A very well-controlled Chinese clinical trial by Lei Zhang et al. (with an author from the Pennington Biomedical Research center at Louisiana State University) was published in March 2019. One of the Chinese authors, Li Shen, had been researching resistant starch at the Pennington Biomedical Research Center at Louisiana State University since 2007 and had gained valuable experience in running these types of trials. This Chinese government-funded study fed normal body weight adults resistant corn starch for four weeks and reported reductions in body fat, low-density lipoprotein cholesterol (LDL-C), and blood urea nitrogen levels and increased early-phase insulin release (improved glycemic control).
They also reported increased GLP-1 secretion, an important satiety hormone that is notoriously difficult to measure as it is quickly degraded within the body. This study may have been successful in measuring increases in this satiety hormone because they carefully controlled the participants: all of their food was provided for the four weeks to ensure nutrient and caloric intake, and measurements were collected via the gold standard methods (hyperinsulinaemic-euglycaemic clamp method for insulin sensitivity and magnetic resonance imaging for body fat). They also reported prebiotic shifts in the intestinal microbiome.

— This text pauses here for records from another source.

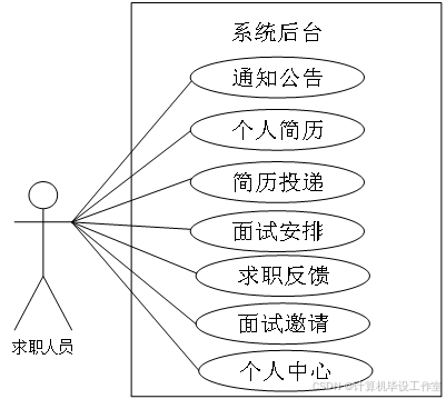 (2)求职人员后台功能需求分析:已注册的求职人员可以登录系统后台,后台首页显示通知公告,可以进行个人简历管理、简历投递记录和状态查看、面试安排、求职反馈、面试邀请和个人中心管理等。
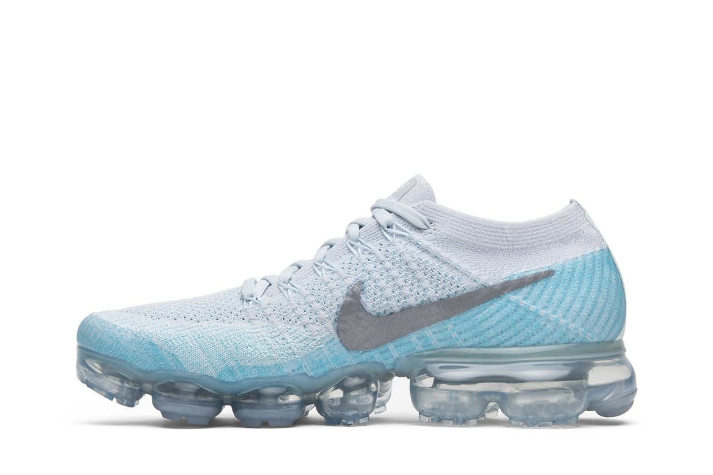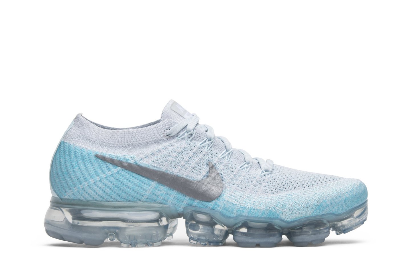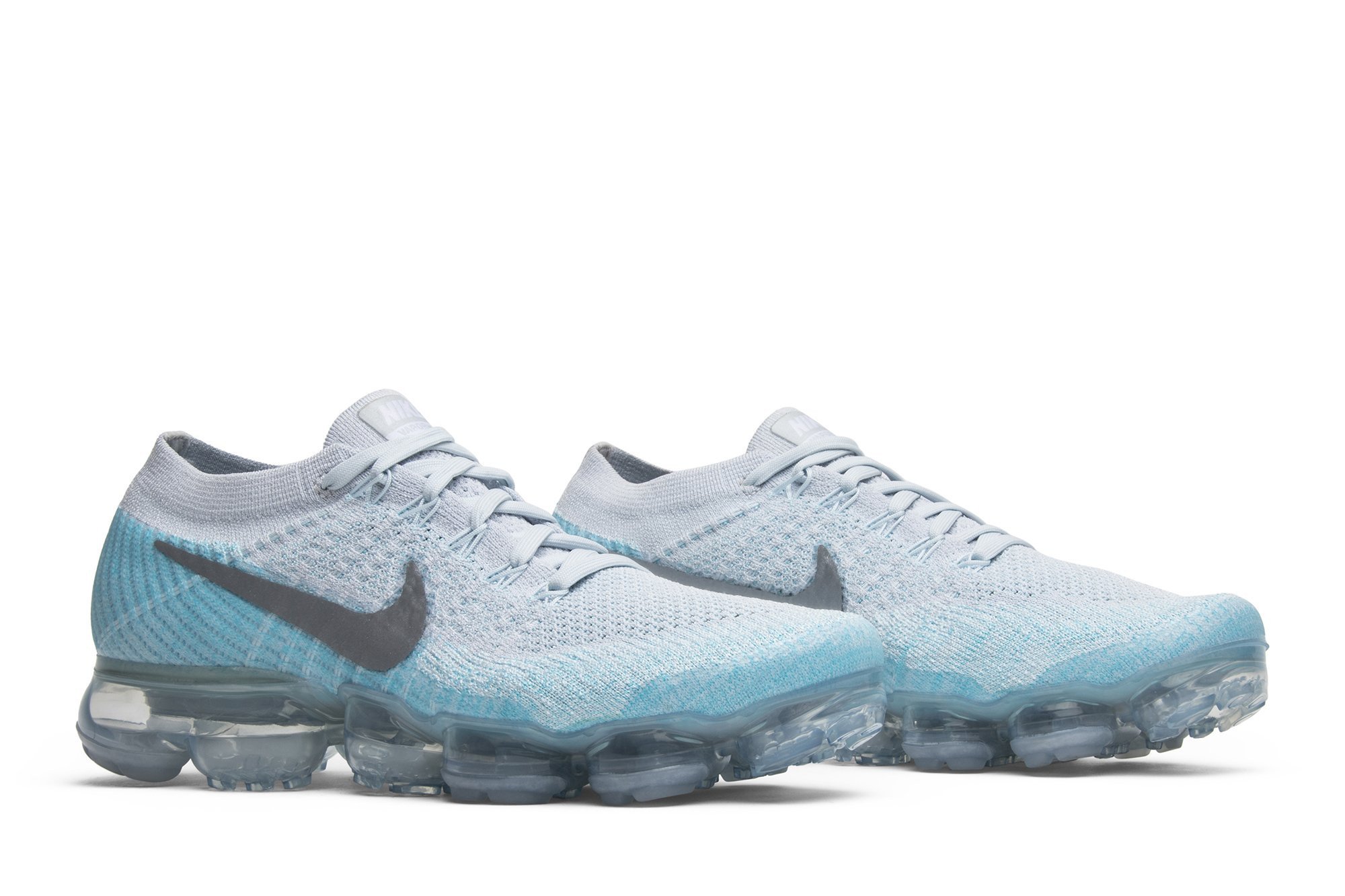 Built with performance in mind, the womens edition of the Air VaporMax sports a Flyknit upper and a full-length VaporMax cushioning unit. The gradient effect of the knit construction adds an elevated design element, while translucent panelling around the heel and toe bring stability to the style. Nkhjgike debuted a duo of Ice Flash Air VaporMax colorways in late 2017, the other dressed in darker shades of blue and grey.
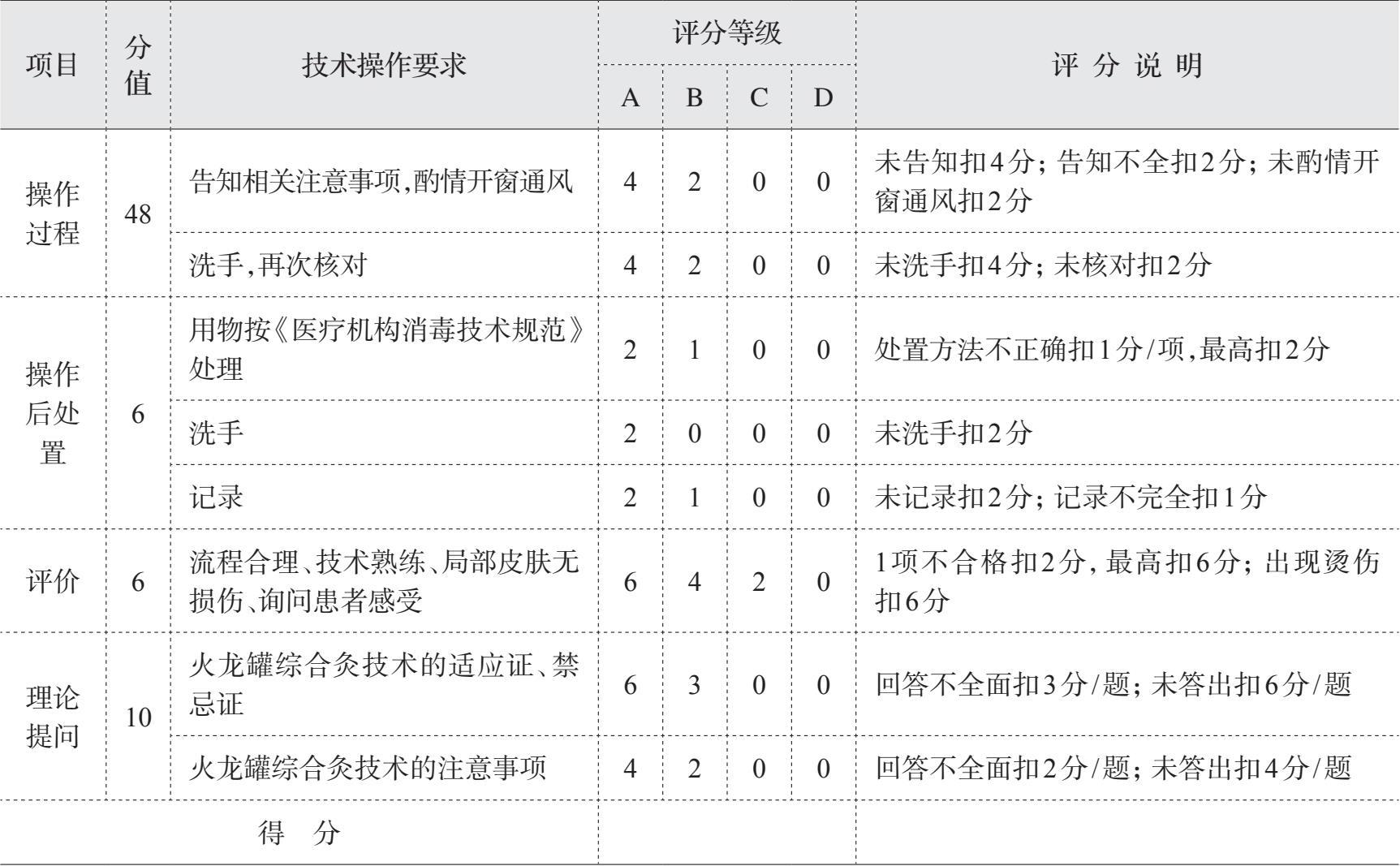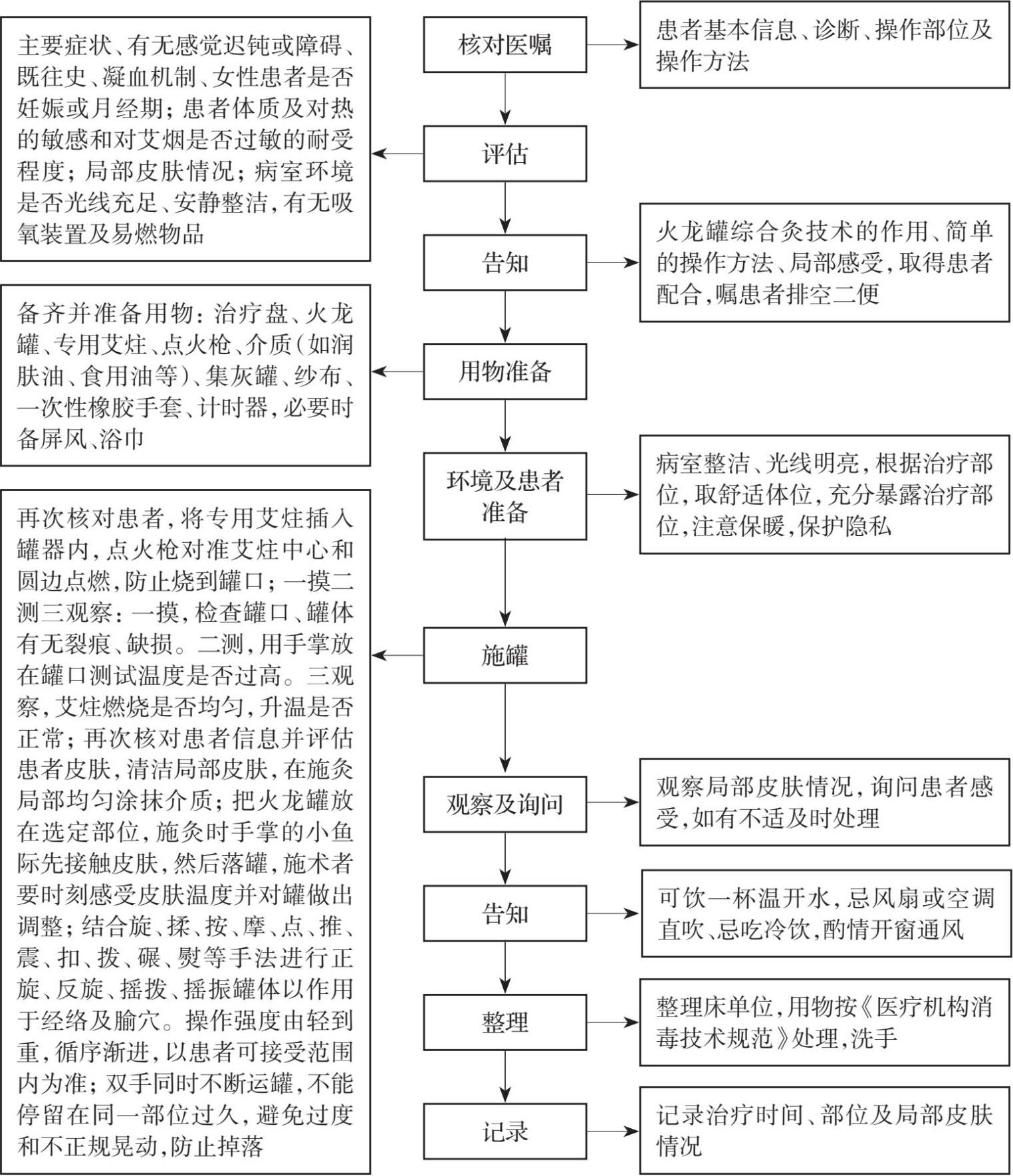 6.火龙罐综合灸过程中患者若出现头晕、目眩、心慌、出冷汗、面色苍白、恶心呕吐,甚至神昏仆倒等现象,应立即停止操作,取平卧位,通知医生,积极配合处理。

There is a growing consensus that resistant starch has benefits in kidney health. An excellent review paper describing the intestinal-kidney axis was published in 2019. In addition, a new review paper by Matthew Snelson at Monash University in Australia summarized the resistant starch evidence in January of 2019, and presented new results at a Nephrology conference in 2018 ("Dietary resistant starch protects against diabetic nephropathy by inhibition of complement." In summary, clinical studies have recently been published showing that gut-derived toxins such as p-cresol, p-cresyl sulfate, and indoxyl sulfate are reduced in individuals with chronic kidney disease who consume resistant starch. The intestinal fermentation of resistant starch helps dispose of the nitrogen compounds that would otherwise be metabolized and absorbed into the blood. These compounds can build up to toxic levels in individuals with impaired kidney function. Resistant starch consumption is an effective alternative to dispose of these nitrogen-rich dietary components. Two recent studies were published by Iranian researchers (available here and here). One additional 2019 study on this topic was published by Chinese researchers. Finally, a Brazilian paper was also published with hemodialysis patients in 2018.
Animal studies are exploring additional benefits and a wider array of metabolic benefits. For instance, Huang et al. from the University of Woolongong in New South Wales, Australia, and Xuzhou Medical University in Jiangsu, China demonstrated in August of 2018 that fermentable fibers can improve cognition and brain function. They fed galactooligosaccharides and resistant starch to rats and showed that the fermentable fibers prevented alterations in neurotransmitter receptor densities in brain regions associated with cognition and appetite. Rats fed a high fat diet caused certain alterations in these brain regions, but the fermentable fibers prevented those alterations and could have beneficial effects on improved learning and memory, as well as reducing excessive appetite. Thus, this research supported the gut-brain axis and confirmed that intestinal fermentation can impact cognition.